A .17 HMR at 125 yds. ganerates 117 ft. lbs. of kinetic energy. On a 25 lb. coyote that comes to, you guessed it, 4.6 ft. lbs. of energy per lb. of animal weight. How about that??

That's hardly like shooting an elephant!!

This may not prove anything, but at least it is fact.


----------



## i_love_177

first of very nice homeowrk im impressed i really dont know what to say about the comment about the elephant but a 22 mag produces 125 kinetic energy at 125 yards believe it or not and if the coyote was 25 pounds then that goes to a full 5 lbs per square pound of the animal now if u were at 150 yards the kinetic energy of a 17 is 80 pounds per square inch and if the coyote was reletivily small say 20 pounds the answer is 4 pounds per squeare inch of the meat now at 150 the 22 mag has a kinetic energy of 115 and if the animal is 20 pounds then that means theres 5.75 pounds per square inch of the animal


----------



## utahheadgear

You are correct, a 22 mag does hold slightly more energy at longer distances that the .17.

Assuming the coyote is 25 lbs....

22 Mag. 150 yds. 115 ft. lbs. energy = 4.6 ft. lbs. per lb. of animal
17 HMR 150 yds. 100 ft. lbs. energy = 4 ft. lbs. per lb. of animal

However, we are not debating the 22 mag. The topic is whether or not the .17 is effective on coyotes. Above I have shown that according to KE it should do the job at least out to 125 yds.

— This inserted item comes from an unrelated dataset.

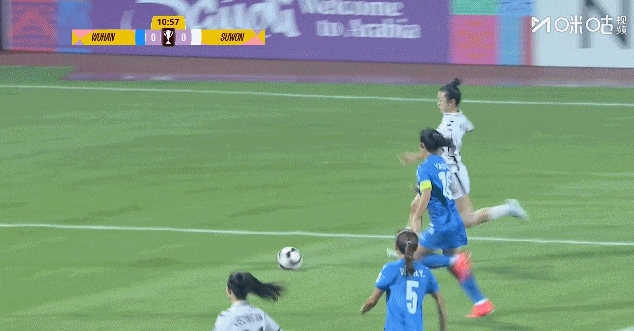 上半场第12分钟,崔宥莉右路横扫门前,池笑然包抄空门轻松得手,武汉车谷江大女足0比1落后水原女足!

Incidentally, the 22 mag has more energy at 150 yds, but it is not as accurate, which affects shot placement. Shot placement with either of the two guns will be essential to a clean kill. That is why my argument is for the .17 over the 22 mag, but as I've said before, I'm yet to actually test my theory.


----------



## i_love_177

u r wrong about the 22 mags accuracy at 200 yards im able to achieve 1 inch groups and 150 yards .4" groups ill upload some shooting sessions sometime


----------



## Ryan_Todd




----------



## north14

:eyeroll:


----------



## Militant_Tiger

i_love_177 said:


> u r wrong about the 22 mags accuracy at 200 yards im able to achieve 1 inch groups and 150 yards .4" groups ill upload some shooting sessions sometime


That is stunning, have you thought about joining a league or contacting ripleys?


----------



## i_love_177

well i can do it accepy certain conditions must be met such as like there has to be no wind and also im sitting down doing this not standing and i have a 9x scope


----------



## i_love_177

o and about the league i live in the middle of no where so impossible


----------



## Militant_Tiger

That was a joke 177, most people would kill for a consistant .4 inch group at 50 yards, so being that you stated that you could achieve such groups at 150 makes me think that your measurements are incorrect.


----------



## i_love_177

im seroius .4" at 150 YARDS


----------



## utahheadgear

Hmmmmm, interesting.

Just got home from a day of yote hunting with my .17 HMR. Smoked two yotes with two shots. No follow up shot needed on either of the two. The first dropped in his tracks and the second did one spin and dropped dead. I would like to say that they were 150 yards out, but they weren't. One was 25 yds and the second was 20 yds. The second one actually came in to 5 steps but he was behind me and I had to turn and get him as he was leaving. I'll need a few more testing trips to see what the gun will do at longer range. That is if I can get them to stop charging in to almost point blank range before they stop. I guess my calling was just too convincing today. Preliminary testing looks good though, and I think the .17 HMR may just end up being my new yote gun.


----------



## oldrosey1

the 17hmr is an excellant rifle for varmints including coyotes, with a ballistic tip bullet it will make a critter bleed fast and it will die quick if hit in the chest. as far as head shots, this round is designed to fragment and it does, it will fragment on the wall of an empty pop can or plastic jug. It is extremely accurate, much more so than a 22 mag, faster, flatter and will kill efficiently up to 250 or so. It is not inhumane to coyotes and will not tear up the hide because it does not exit. An accurate shot will kill a coyote everytime. so there


----------



## Militant_Tiger

Do us all a favor and dont come back with the story of the first one you lose.


----------



## sdeprie

Geez, I don't think I will shoot ants with mine, now. Actually, I want to use mine for Fox.


----------



## utahheadgear

Militant,

Do us all a favor and don't make any more posts to this thread.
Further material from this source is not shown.